Biotechnology companies have a long road to commercialization. Investors, shareholders and company officials often have their patience tested. In the agricultural biotechnology area, there are particular regulatory concerns that make the pathway to commercialization a longer, riskier and more winding road. It has recently become clear that there are also unique liabilities that may leave innovators owing a duty of care to others in their industry based on how and when they sell genetically modified product – not just a duty of care to their own customers, but to a broad range of competitors and food producers that could be affected (even if not a customer of the biotechnology company).

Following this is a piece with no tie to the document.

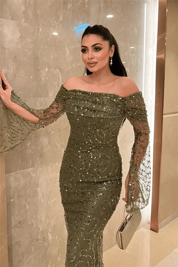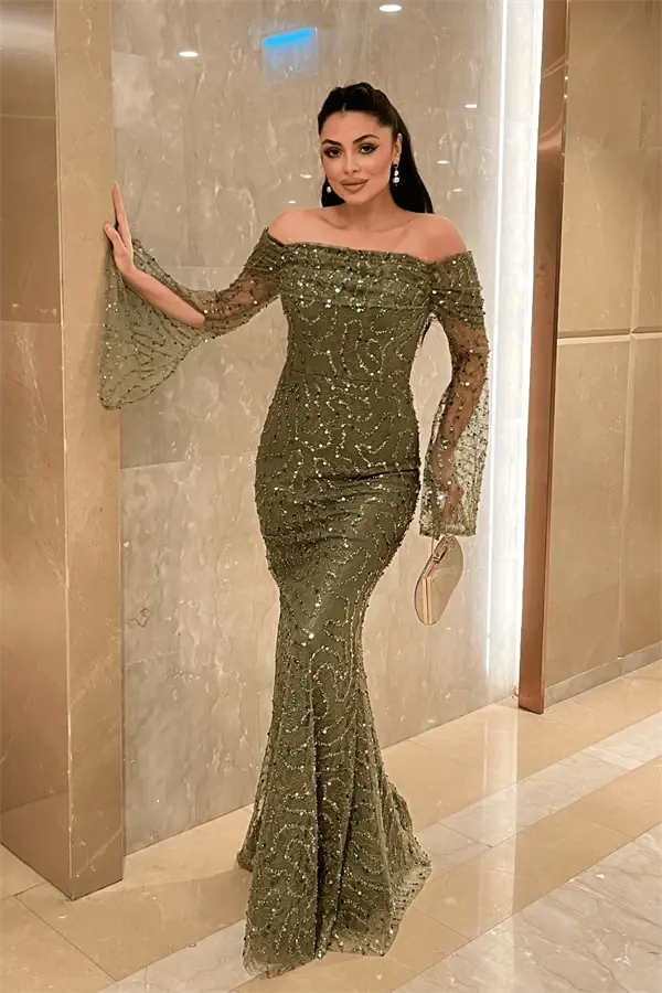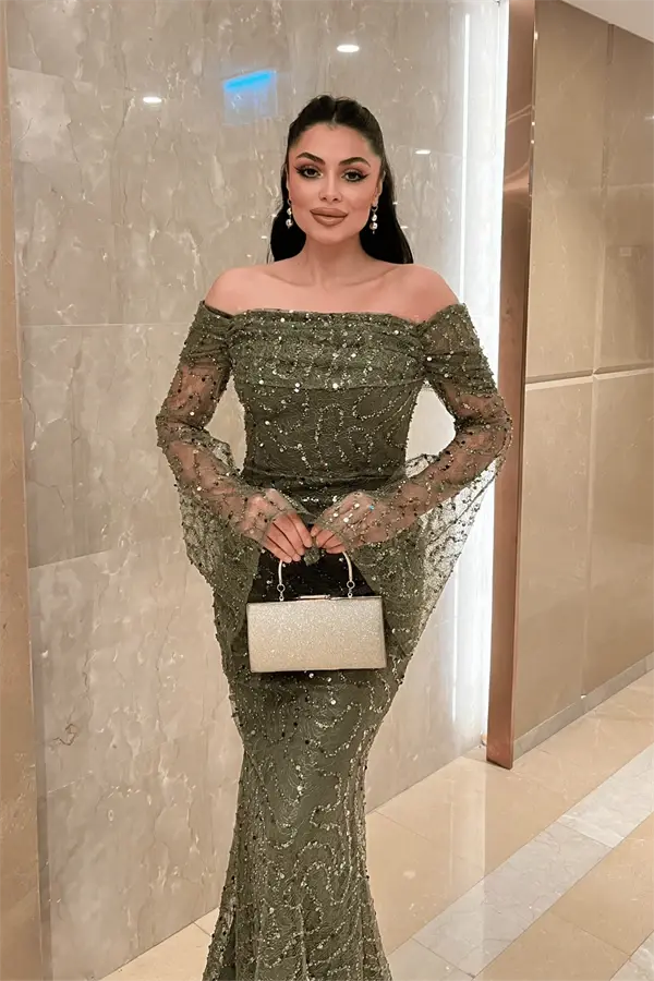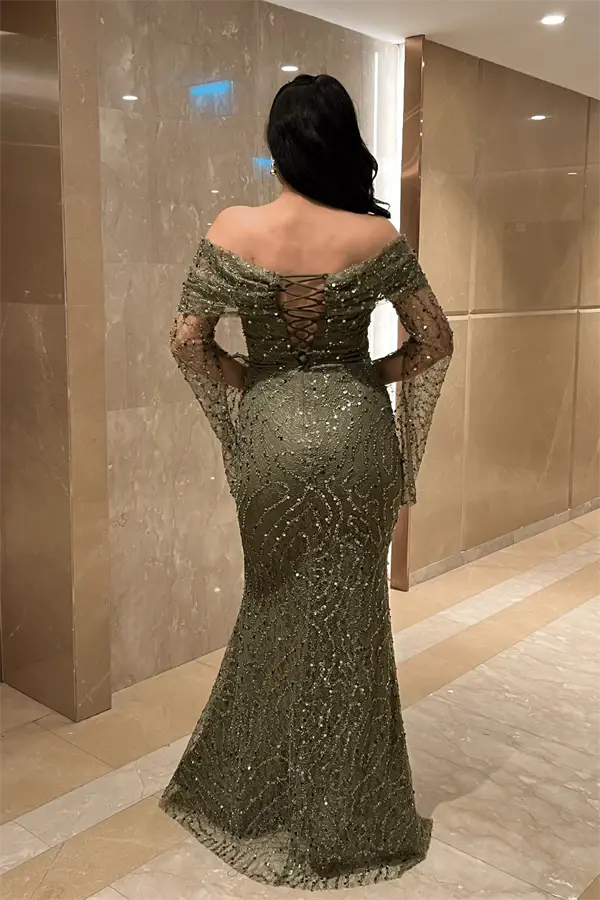 Full Boncuklu Kumaş Kayık Yaka Abiye Elbise - HAKİ YEŞİLİ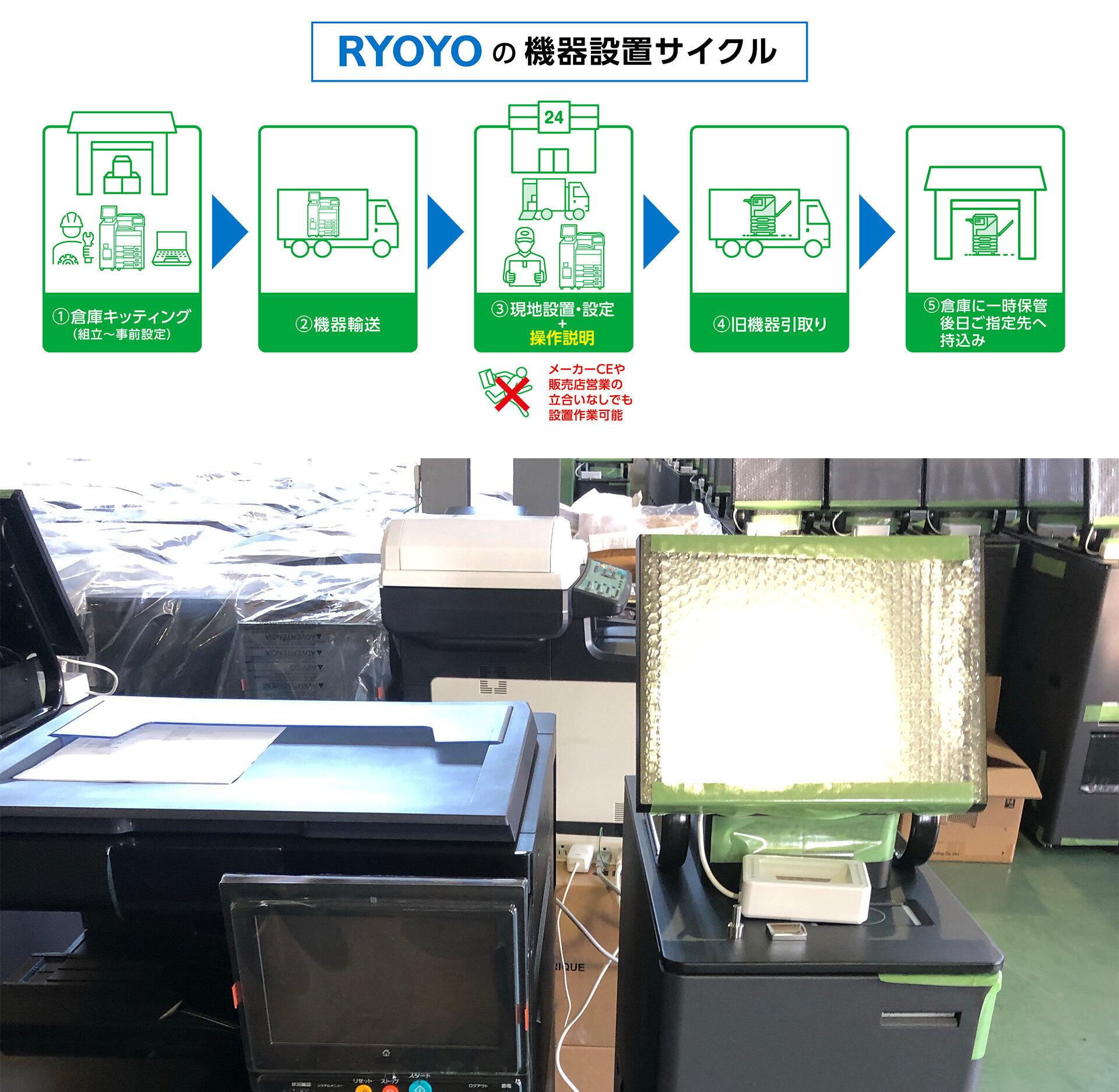 そんななか、リョーサン菱洋の果たす役割は、販売代理店としての営業活動だけではない。案件によっては、お客様の元へのマルチコピー機の設置を請け負うこともある。

Food distributors shipping internationally to countries where the modified foods are not approved for sale need to ensure that modified foods are not mixed with unmodified foods, or else the whole shipment could be rejected. This takes effort in some areas of trade, for example, co-mingling of product is a common practice in agriculture. In recent cases in the US and Canada, it was alleged that a multinational company, Syngenta, was negligent by selling genetically modified corn in markets where it was approved (USA, Canada), but prior to obtaining regulatory approval from the Chinese government to sell in China. The corn industry is interconnected enough that there was intermingling of genetically modified and unmodified corn sold in North America. Due to the unique nature of the corn industry, comingling is foreseeable and perhaps inevitable. Syngenta allegedly knew that upon commercialization, that its product would be comingled and could cause all corn to be affected in export markets. The genetically modified corn was detected by routine testing on arrival in China, and boatloads of corn shipments were rejected, resulting in lost sales, a glut in the market, and depressed prices. Syngenta was sued separately by farmers (customers and non-customers) and competitors in separate class action lawsuits in the US and Canada. Competitors also sued the company in the US. The US class action lawsuit was settled for approximately $1.5 billion. Recently, the Ontario Court of Appeal decided that the Canadian class action could proceed, and rejected attempts by the defendant company to have the action struck as not disclosing a reasonable cause of action1. The Appeal Court decided there was no reasonable prospect of establishing a duty of care to support a claim based on negligent misrepresentation by the defendant. However, the Appeal Court did find that there may be a duty of care and reasonable cause of action in regard to the claim based on alleged premature commercialization. It did not matter that this was a new claim that did not fall within a previously recognized category of claim for pure economic loss.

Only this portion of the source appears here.